Die Staaten Europas müssten Fragen der Migration menschengerecht gestalten, erklärten die drei Bischöfe: "Wenn wir uns daran gewöhnen, dass tagtäglich schutzsuchende Menschen an den Außengrenzen ihr Leben verlieren, drohen unsere Grundwerte bedeutungslos zu werden. Seenotrettung darf daher nicht kriminalisiert werden. Sie stellt eine völkerrechtliche und humanitäre Verpflichtung dar."

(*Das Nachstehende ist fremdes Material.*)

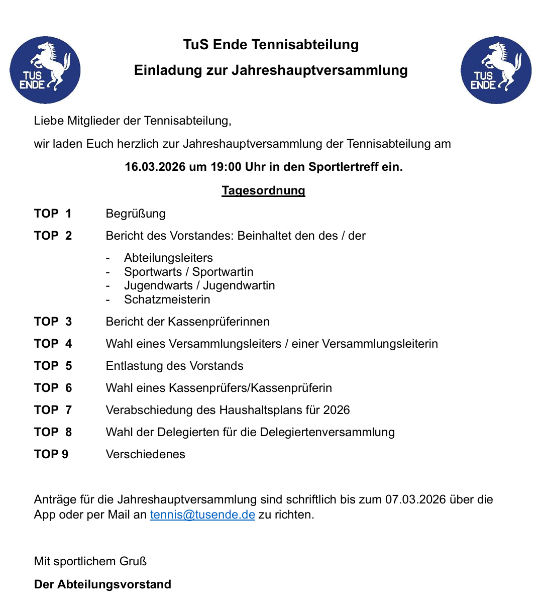 Die Jahreshauptversammlung findet in diesem Jahr am 16.03.2026 um 19 Uhr im Sportlertreff statt. Die offizielle Einladung findet ihr hier im Anhang.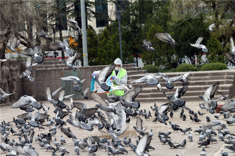 4月11日,土耳其首都、第二大城市安卡拉首度實施周末“居家令”時,政府工作人員給鴿子喂食 。新華社發(穆斯塔法·卡亞攝)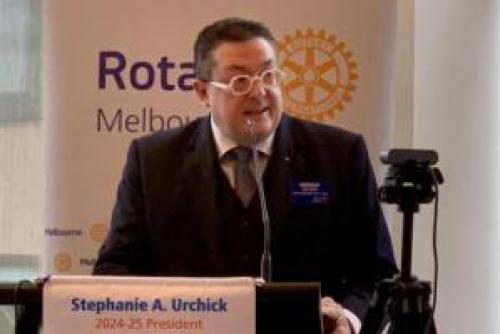 It has been a long tradition of Rotary Melbourne that the outgoing President introduces the incoming Rotary Melbourne President, and reviews their year in the company of Past Presidents and partners. On Sunday 15 June 25, out-going President (Catherine Baxter) outlined the achievements of Rotary Melbourne in 2024-25. Incoming President (Philip Cornish) outlined his plans for the coming year to his "Rotary Melbourne Hall of Fame". Here they are at Kingston Heath Golf Club yesterday having a jolly good time. It was a very chilly day but that didn’t dampen the convivial chatter in the room.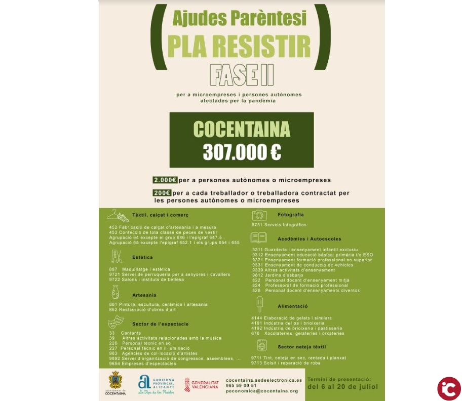 Aquestes ajudes es dirigeixen als autònoms i empreses amb un màxim de 10 treballadors que tinguen el domicili fiscal a Cocentaina. En aquesta ocasió van dirigides a sectors com el comerç minorista, estètica, sectors de lespectacle, acadèmies densenyament, és a dir, tots aquells sectors que no estaven en la convocatòria de les Parèntesi I. Tots els epígrafs de les activitats beneficiàries es contemplen a lannex de les presents bases.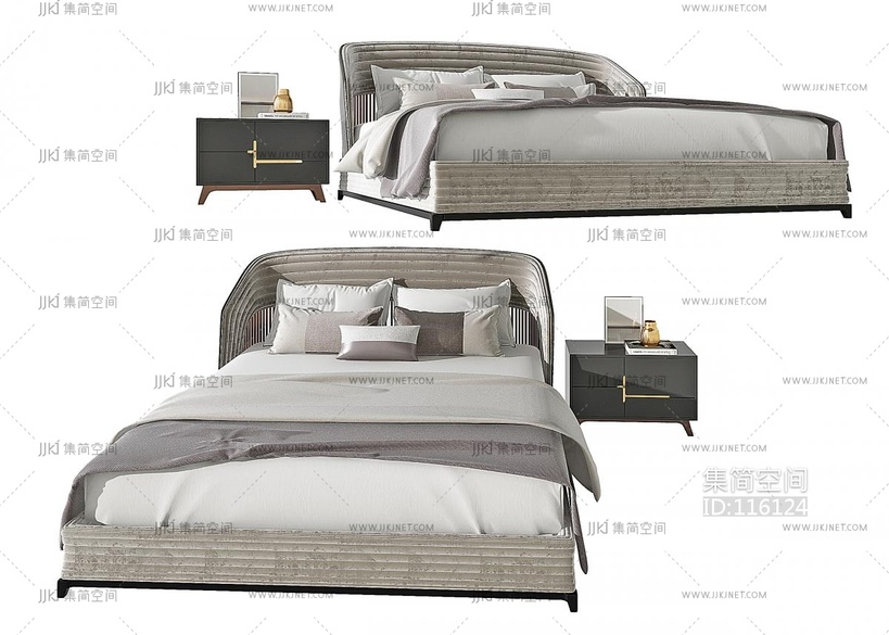 现代双人床,床头柜 组合 3d模型下载 [模型ID:116124]

"Vielfalt ist Alltag in unserem Land", heißt es in dem Gemeinsamen Wort weiter. Vielfalt könne allerdings auch eine Herausforderung für das Zusammenleben und den Zusammenhalt in einem Gemeinwesen darstellen: "Wir leben in Zeiten, in denen die Fundamente unseres Zusammenlebens infrage gestellt werden. Zivilisatorische Errungenschaften, wie das friedliche Miteinander in einem geeinten demokratischen Europa, sogar die universelle Geltung der Menschenrechte, scheinen an Gewicht zu verlieren. Rechtspopulistische, ja rassistische Strömungen gewinnen an Zulauf."
Auch unter Christen gebe es Tendenzen der Ausgrenzung und Abschottung, räumen die Bischöfe ein: "Dabei gehört Vielfalt konstitutiv zum Wesen der Kirche. Der Glaube verbindet Menschen über Ländergrenzen, Sprachen und Kulturen hinweg. In der Nachfolge Jesu verlieren Unterschiede ihre trennende Macht", betonen Kardinal Marx, der bayerische Landesbischof Bedford-Strohm und Metropolit Augoustinos.
Die 43. Interkulturelle Woche steht unter dem Leitthema "Vielfalt verbindet". Geplant sind mehr als 5.000 Veranstaltungen an über 500 Orten im gesamten Bundesgebiet.